It’s been five weeks since I moved in. The cats still hate me (and they keep smacking me in the face to make sure I know that). I have yet to outsmart the gate. And I’m still not allowed to get on the new furniture. (Kristin: I don’t foresee any of these things changing soon. Sorry, Charlie.)
This is how I look to my human half the time because I’ve started running around a lot, especially when someone is trying to catch me. What fun! Sometimes I’ll snatch something that doesn’t belong to me and run into my cage with it while someone chases me. I also like to fake left and go right, leaving my humans running the wrong way. Good times. (Kristin: Oh, yeah. Freaking awesome times.)
Everybody — and I mean everybody — says my paws are huge. I’ve heard it so much that I’m starting to roll my eyes. Apparently my huge paws mean that I’m gonna be big. Every time my human hears someone say that, she goes, “I hope not too big.” I try to tell her, “Oh, we’re talking big big.” (Kristin: Oy.)

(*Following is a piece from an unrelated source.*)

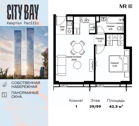 Прямая продажа от застройщика. Продаётся 1-к квартира общей площадью 34 м² без отделки в ЖК City Вау, квартале Pacific, на 20-м этаже 59 этажного дома. Концепция жилого комплекса City Вау - настоящий город в городе с отлично развитой инфраструктурой и собственной благоустроенной набережной. На территории жилого комплекса расположено пять кварталов - Atlantic, Pacific, Indian, North, Cliff. Жилой квартал City Вау отличается оригинальной концепцией и выделяется среди других проектов такими характеристиками как: - Архитектура, - Виды из окон, - Природное окружение, вызывая гордость у жителей и восхищение у прохожих. Вся жизнь района Покровское-Стрешнево строится вокруг водных объектов: - Пойма реки Сходни с уникальной экосистемой, - Речка Химка и Химкинское водохранилище, - Москва-река, - Канал имени Москвы. Кругом вода, и местные с удовольствием этим пользуются. А сразу за рекой - центр водного спорта в Строгино с вейк-парком и яхт-клубами. Помимо воды, здесь очень много зелени: - Рядом Сходненский ковш памятник природы, естественный амфитеатр глубиной 40 метров; - Парк при усадьбе Братцево с фруктовым садом; - Дубовая роща "Маяк", - Алешкинский лес; - Лесопарк Покровское-Стрешнево с пляжами и бобрами. Главные транспортные артерии района: - Волоколамское шоссе, - Таганско-Краснопресненская линия метро и МЦД-2. Всего за 20 минут можно добраться до центра на машине или метро, а МЦД связывает ЖК City Вау с северными, восточными и юго-восточными районами. Компания MR Group предлагает своим клиентам специальные условия приобретения квартир в рамках программ ипотечного кредитования от банков-партнеров.

While I was on a walk, someone asked my human what I was mixed with. Mixed with. The nerve! (Kristin: Calm down, spaz. Your ears speak for themselves.) Our neighbor — who loves me — says that I come from good German Shepherd stock. He says my ears and teeth and mask (that’s the coloring on my face) are awesome. I like him a lot.
New development this week: My human is using a de-shedding tool. Not. A. Fan. It doesn’t hurt or anything but oof. Way too much of my fur winds up on the floor or in my human’s hand when she drags this rake across me. She thinks it’s “amazing.” Me, not so much. In fact, I’ve run into my cage with this thing in my mouth on more than one occasion in the hopes of chewing it to pieces. No such luck.